Lors du dernier salon mondial du naval de défense Euronaval, j’ai eu le plaisir de réunir des profils variés pour évoquer le sujet de l’innovation dans le soutien naval. Du rapport remis fin 2018 à la ministre des Armées d’alors par Jean-Georges Malcor sur le maintien en condition opérationnelle (MCO) naval, qui distribuait quelques satisfécits mais listait aussi des axes d'amélioration, en passant par les décisions ministérielles prises début 2019 qui donnait une feuille de route pour la modernisation du MCO naval, ou encore le plan stratégique Mercator de 2018 de la Marine nationale puis Mercator accélération de 2021, tous indiquaient la nécessité que "cela flotte" plus (et… indirectement moins cher), vus les enjeux actuels.

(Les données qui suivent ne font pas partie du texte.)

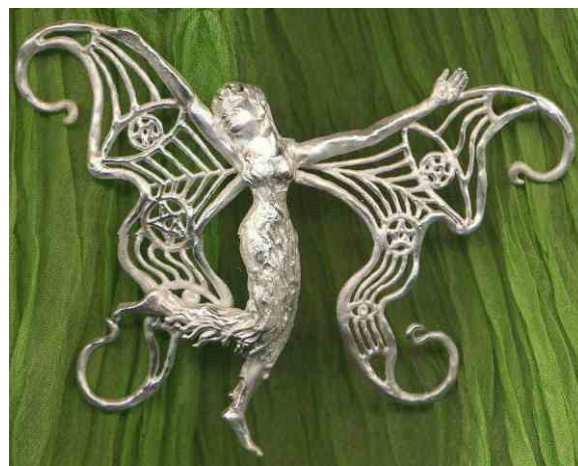
Anhänger Tanzende Elfe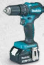
DHP483 Udarna bušilica-odvijač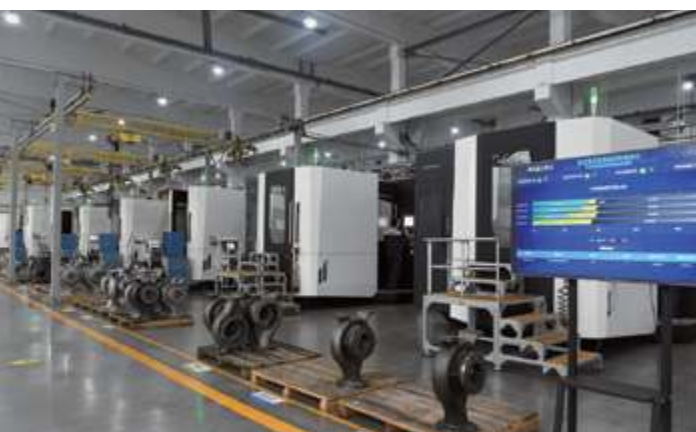
Обрабатывающий центр Деаг (Deag)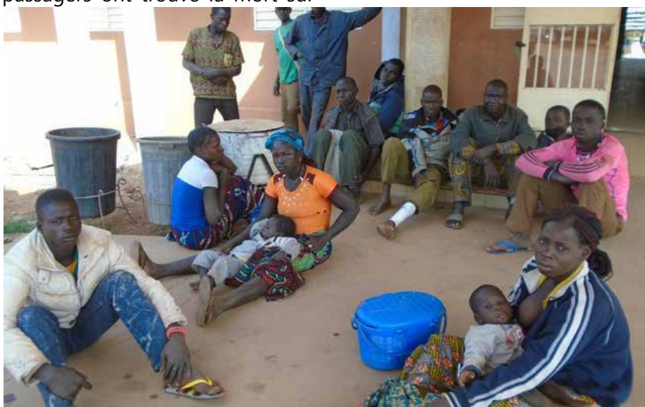
Les blessés au CHR.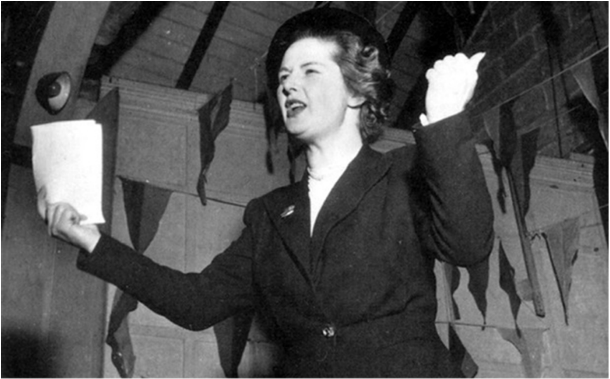
Маргарет Робертс выступает перед избирателями Дартфорда, 1951 год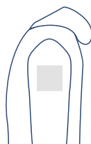
Linker Schouder 100 x 100 mm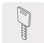
Llave de puntos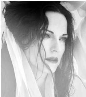
Maya Beiser cello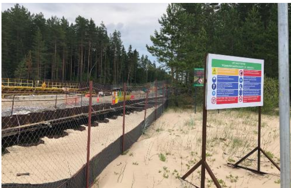
Рис. 18. Огораживание территории для предотвращения попадания диких животных (июль 2019 г.)

График строительства был оптимизирован с учетом критических периодов для морских млекопитающих, ихтио- и орнитофауны. Так, например, расчистка коридора трассы от растительности была начата только после того, как эксперты, консультирующие Nord Stream 2 по широкому кругу экологических вопросов, подтвердили, что период гнездования птиц закончился.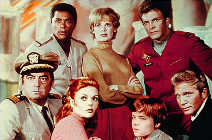
ELENCO TERRA DOS GIGANTES

governo gigante, foi através dessa narrativa que as críticas ao autoritarismo se tornaram mais marcantes na obra de Allen, aliás, IRWIN ALLEN, criador das inesquecíveis séries: Viagem ao fundo do mar (1964-1968), Lost In Spa-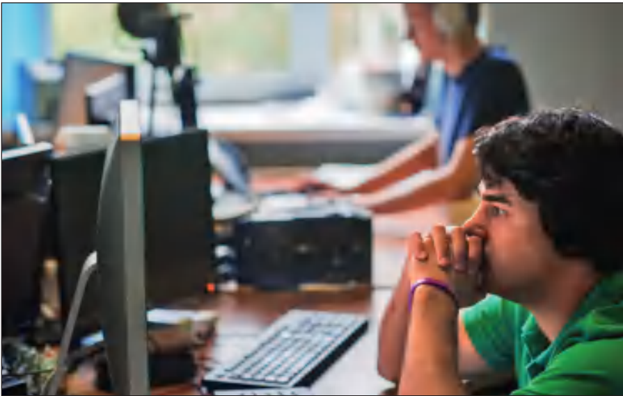
Постоянное присутствие вербовщиков ИГИЛ в соцсетях.

Активисты ИГИЛ поддерживают свои аккаунты в сетях Facebook, Twitter, Instagram, Friendica, Telegram. Активно они заявили о себе и в российских социальных сетях: «ВКонтакте» и «Одноклассниках».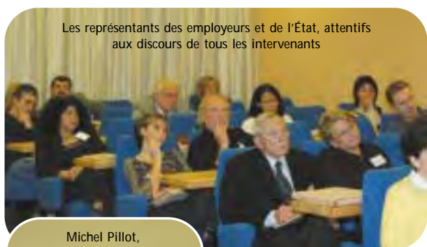
Les représentants des employeurs et de l'État, attentifs aux discours de tous les intervenants

Tout ceci n'est pas un vœu pieux... J'engage dans ces paroles non seulement ma fonction de Président de Multifaf, mais aussi mon statut de chef d'entreprise artisanale. À aucun moment, je ne perds de vue que la formation est un investissement pour l'employeur qui doit trouver sa place dans le bilan chiffré. Mais ce n'est pas parce qu'on fait référence à l'aspect financier que c'est uniquement une charge pour l'entreprise. Multifaf est là pour vous aider à organiser votre plan de formation, pour vous accompagner dans la formation de vos salariés et pour prendre en charge à la fois les frais pédagogiques et les frais annexes (les déplacements, les repas,...) dans certains cas. Ayez toujours en tête que la formation professionnelle continue, c'est une garantie de qualité et de bonne image de votre entreprise. Formons ensemble les salariés de l'artisanat de demain."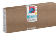
C0120 ねじ 25mm ¥2,090 120ピース入 頭部：18mmφ、ねじ部：20mm ダンボール3～5層を接合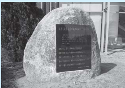
市民センターいわま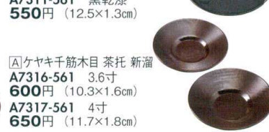
[A]ケヤキ千筋木目 茶托 新溜 A7316-561 3.6寸 600円 (10.3×1.6cm) A7317-561 4寸 650円 (11.7×1.8cm)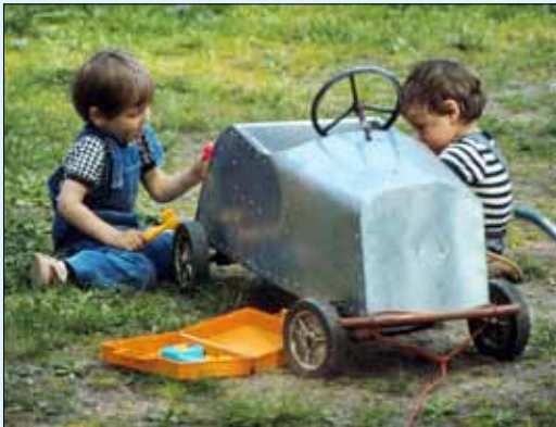
Uusi kiiltävä peltikorinen polkuauto huollossa.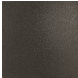
LAVANDA GRIS33 33 44,5X44,5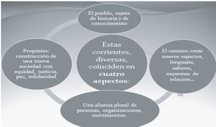
Gráfico N° 3. Horizontes de las corrientes del conocimiento en América Latina. Elaborado por Julio Valdez. 2021.

Es claro que las propuestas nuestroamericanas de indagación y creación cognitiva trascienden el mero ejercicio de crear y aplicar métodos de investigación. Apuntan a un horizonte de transformación radical de la sociedad, e incluso de nuestros modos de relacionarnos, de pensar y de actuar en la vida cotidiana. Incluso, algunos pensamos que señalan los fundamentos de una nueva civilización. Podemos esquematizar algunos aspectos relevantes en el siguiente gráfico: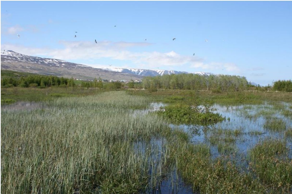
Hundatjörn í Naustaflóa. 07.06.2009

KÖNNUN GERÐ AÐ BEIÐNI UMHVERFISNEFNDAR AKUREYRAR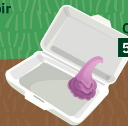
Boîte polystyrène 10 à 50 ans

Comment l’innovation participe et peut participer à cet effort de guerre ?
Etre ouvert à l’innovation
Fondée en 2019 par trois connaissances travaillant dans le milieu maritime plutôt civil,
MaDfly propose des services par engin télépiloté répondant aux contraintes d’accès de ce milieu pour les interventions en intérieur, en extérieur et en sous-marin.
Grâce à des drones aériens, flottants ou sous-marins, les inspections de structures hautes, de soutes, de coques ou autres sont rendues plus rapides, plus sûres et moins coûteuses. Comme le dit Thierry Guillot, un des co-fondateurs, "

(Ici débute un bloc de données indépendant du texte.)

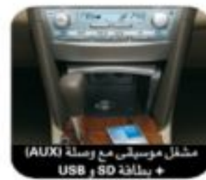
مشغل موسيقي مع وصلة USB وبطاقة SD

تويوتا أوريون 2011 ... تماماً كالنموذج العالي بطاقة جبارة تُعد هي أيضاً سر من أسرار القوة، معززة بمواصفات تكنولوجية متقدمة، وحزمة متكاملة من عناصر الفخامة والجمال الكلاسيكي. قلبها النابض هو محرك V6 بنظام VVT-i مزدوج سعة 3.5 لتر مع ناقل حركة إلكتروني ذو 6 سرعات بميزة تيبترونك لأداء أكثر سلاسة وقدرة أفضل على المناورة، فتبرز قوتها الكامنة التي تبهر العيون ... تويوتا أوريون الجديدة هي الأكثر تألقاً بفتنتها.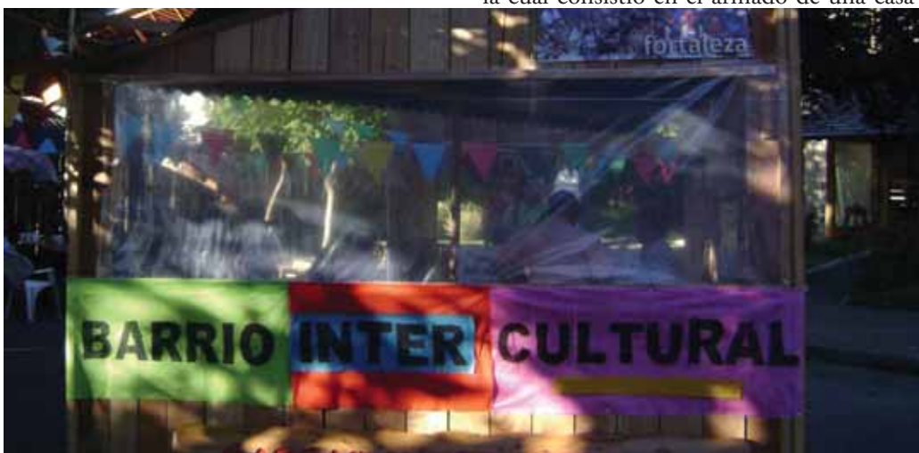
Foto: Frente del stand del Barrio Intercultural, comunidad de cambio.

Mediante la subsecretaría de desarrollo urbano y vivienda del municipio consiguieron que un arquitecto les brindara apoyo técnico para la realización de la muestra, la cual consistió en el armado de una casa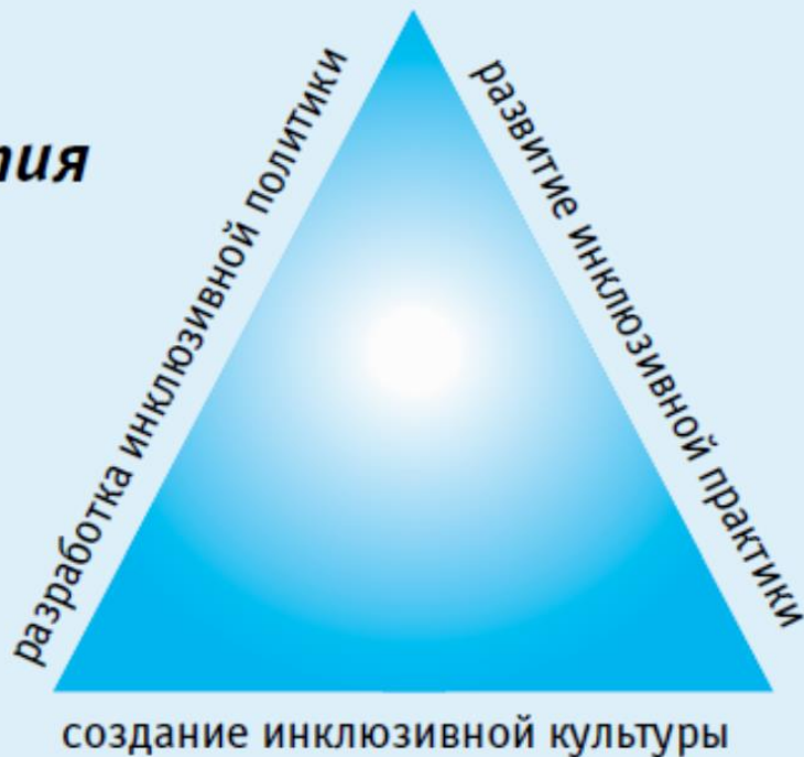
Рис. 3. Три аспекта развития Инклюзии:

nul besoin de monter des mètres d’échafaudage pour vérifier l’intégrité d’une structure en hauteur, voir les traiter via un drone relié à un tuyau, de mettre en place une nacelle élévatrice pour traiter une face, puis tourner le navire le long du quai pour traiter l’autre face, etc." Le drone permet également de nettoyer les bordées de coques côté quai et côté mer, ce qui n’est pas possible de réaliser avec une nacelle. Les immobilisations sont moins fréquentes ou longues, les opérations mieux anticipées, les risques pris moins nombreux, etc. Et, si les gains financiers sont parfois difficilement quantifiables, nous y reviendrons, les centres de coûts voient leur montant diminuer.
Dans le domaine, les technologies (systèmes de mesure d’épaisseur de coques, de traitement des données recueillies pour la cartographie, d’aide au pilotage en milieu clos, etc.) se développent rapidement pour aller toujours plus loin dans ce qui est réalisable et utile pour des opérations de MCO, obligeant à une veille permanente pour rester à la page.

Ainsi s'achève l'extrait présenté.